Mario Galaxy Is Magical

Posted in gaming by 51future on April 29, 2008

So you’ve probably already heard that Mario Galaxy is awesome, but some things deserve reiteration.

Mario Galaxy is a fun game.

A close friend of mine, one who I used to play a lot of Halo 2 with, used to talk about the way we played Halo when we played it. We would sit down on the couch together, at first slouching and ragtag, and as the competition would heat up we would sit up straighter and straighter. Finally, we would inch closer to the television. We eventually came to the conclusion that to play a good game of Halo 2 required a little bit of preparation.

“Time to sit down,” I would say, with a look of serious resolve on my face, “Put the TV in my lap, put my face inside– all the way inside the television, and play a game of Halo.”

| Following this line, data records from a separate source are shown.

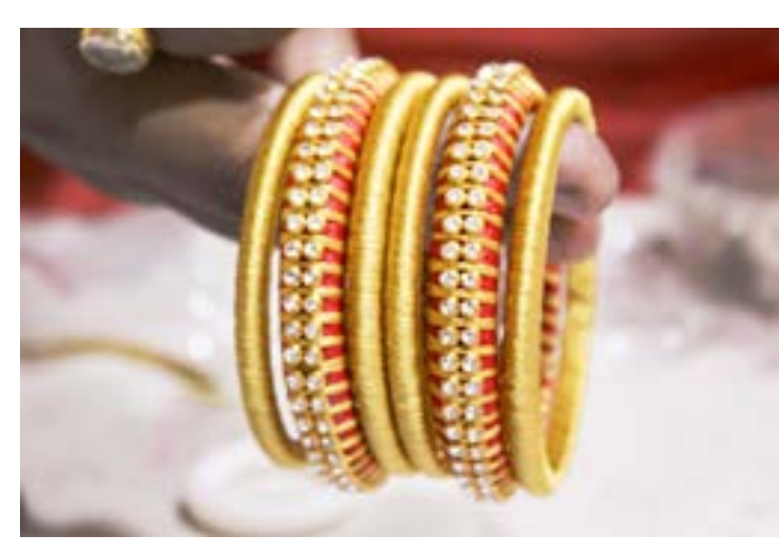
Bright colored thread bangles.
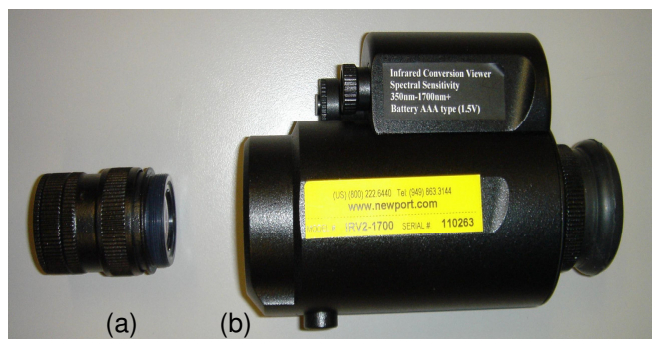
Figure 2. (a) 1x lens and (b) IR viewer

The adapter is not required for use with the 1x lens. Screw the threaded side of the 1x lens into the IR viewer as shown in Fig 2.
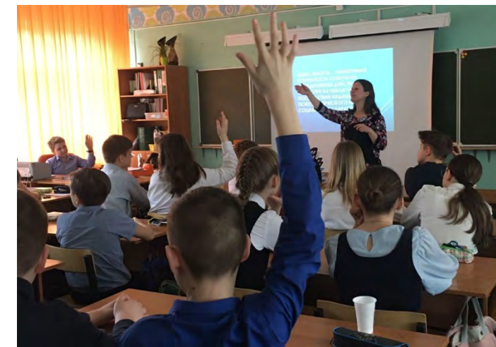
WFP moral education programme
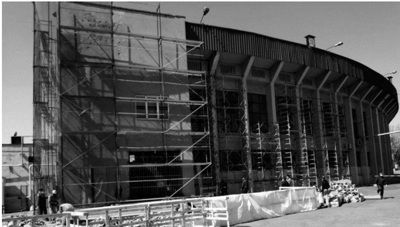
Figure 5. Kryvyi Rih stadium “Metallurg” (current state)
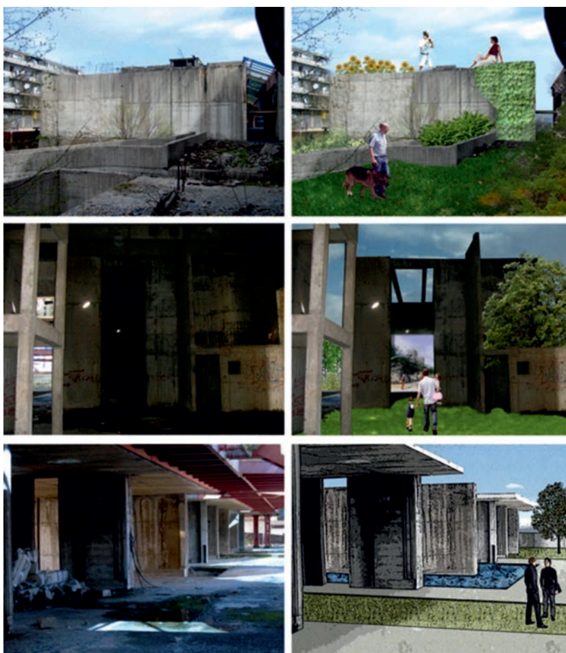
Photo 17 a–e. Recycling Unfinished – students’ work for the 4 th Congress of Students of Architecture – “Urban Recycling”, Belgrade, 2006, photo by the Faculty of Architecture, Podgorica
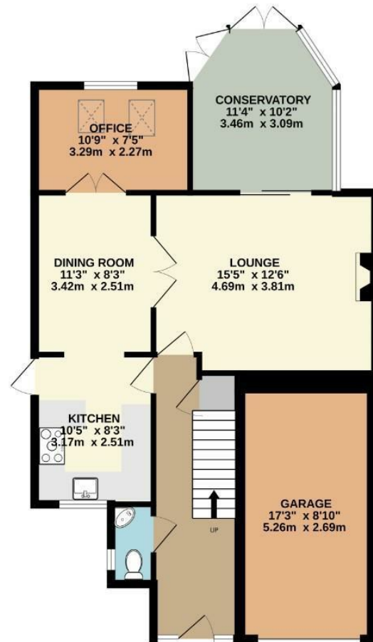
GROUND FLOOR 842 sq.ft. (78.2 sq.m.) approx.
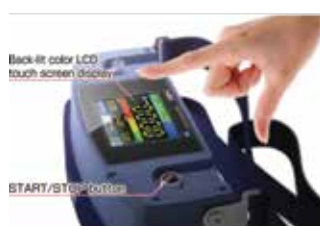
Easy Operation Color LCD touch screen display and one button START/STOP operation

Halo 2 was always a very intense gaming experience. I wouldn’t call it fun, really. Just intense. But I’ve never really expected fun from the Halo series. I expect competition, intensity, and energy. I want to… I don’t know… Tear my balls off in frustration sometimes and Halo is the game that helps me achieve that end.

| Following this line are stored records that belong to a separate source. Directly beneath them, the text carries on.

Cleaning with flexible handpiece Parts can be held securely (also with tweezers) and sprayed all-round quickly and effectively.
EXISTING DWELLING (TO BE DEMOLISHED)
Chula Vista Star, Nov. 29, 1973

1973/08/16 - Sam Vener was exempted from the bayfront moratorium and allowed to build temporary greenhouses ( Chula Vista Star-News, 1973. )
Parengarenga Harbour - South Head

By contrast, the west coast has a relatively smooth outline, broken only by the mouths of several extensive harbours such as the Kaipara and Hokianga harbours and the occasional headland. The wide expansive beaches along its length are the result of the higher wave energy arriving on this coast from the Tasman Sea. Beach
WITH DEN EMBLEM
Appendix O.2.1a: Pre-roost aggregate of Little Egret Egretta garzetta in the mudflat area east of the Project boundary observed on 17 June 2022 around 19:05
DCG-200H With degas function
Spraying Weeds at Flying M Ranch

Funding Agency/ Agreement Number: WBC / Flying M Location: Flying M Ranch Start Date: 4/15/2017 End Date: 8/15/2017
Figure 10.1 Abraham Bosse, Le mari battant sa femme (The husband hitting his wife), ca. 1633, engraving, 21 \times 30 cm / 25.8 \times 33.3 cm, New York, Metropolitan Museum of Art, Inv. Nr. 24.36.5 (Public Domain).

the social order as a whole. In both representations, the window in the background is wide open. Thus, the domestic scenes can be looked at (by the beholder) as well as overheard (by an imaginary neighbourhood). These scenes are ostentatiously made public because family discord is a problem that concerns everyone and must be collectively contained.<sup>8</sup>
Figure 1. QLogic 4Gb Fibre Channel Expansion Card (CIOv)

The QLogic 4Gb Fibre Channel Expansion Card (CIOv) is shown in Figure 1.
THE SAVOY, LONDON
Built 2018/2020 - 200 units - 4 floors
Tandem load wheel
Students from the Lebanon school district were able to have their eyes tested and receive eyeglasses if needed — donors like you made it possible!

Mario Galaxy, on the other hand, is a completely different experience entirely. In two days I’ve gone from 3 stars to something like 27, all within short bursts in-between laundry or cleaning the house. I haven’t once felt compelled to keep playing longer than I want to, or been subjected to anything frustrating. None of the stars I’ve gotten so far presented any insurmountable challenges– in fact, most stages have plenty of extra lives and safety nets so that it never really punishes you when you make a mistake. In addition to that all, at times, the game feels decidedly retro. It’s the closest thing to the pure, wonderful feeling that is solid 2-D platforming in a fully 3-D world. For instance, there are glass stars that you can run around inside and/or outside. There are puzzles that flip a tiny planetoids gravity for specific sections up or down, allowing you to run on ceilings or up walls. All of this is open. Much of it spherical. Completely 3-D, and yet, the concepts that stitch it all together feel as though they were taken directly from New Super Mario Bros. or Yoshi’s Island; all because of the way they shine in their simplicity. Gone are jumping puzzles where you’re fighting the camera. Now you’re wrapping your mind around satellites with core-centric gravity and cannons that should rays of colored light that you fly to your destination on. And, whenever you do fly to the next section, the game presents you with an effortless little joyride akin to Half-Life 2’s “vistas” (hauntingly beautiful post-apocalyptic stretches of terrain often situated strategically to “reward” players who had gotten past difficult or story line content) which gives you a few seconds of rest to breathe in the scenic stretches of each individual galaxy.

I had been thinking all this for a long time. Thinking it because the art direction is probably the best Nintendo’s ever put out. Ever. And then I went inside a room and suddenly the game was reading me a story about a little girl in a spaceship and a star looking for its mother.

It just feels so pure to play for fun again.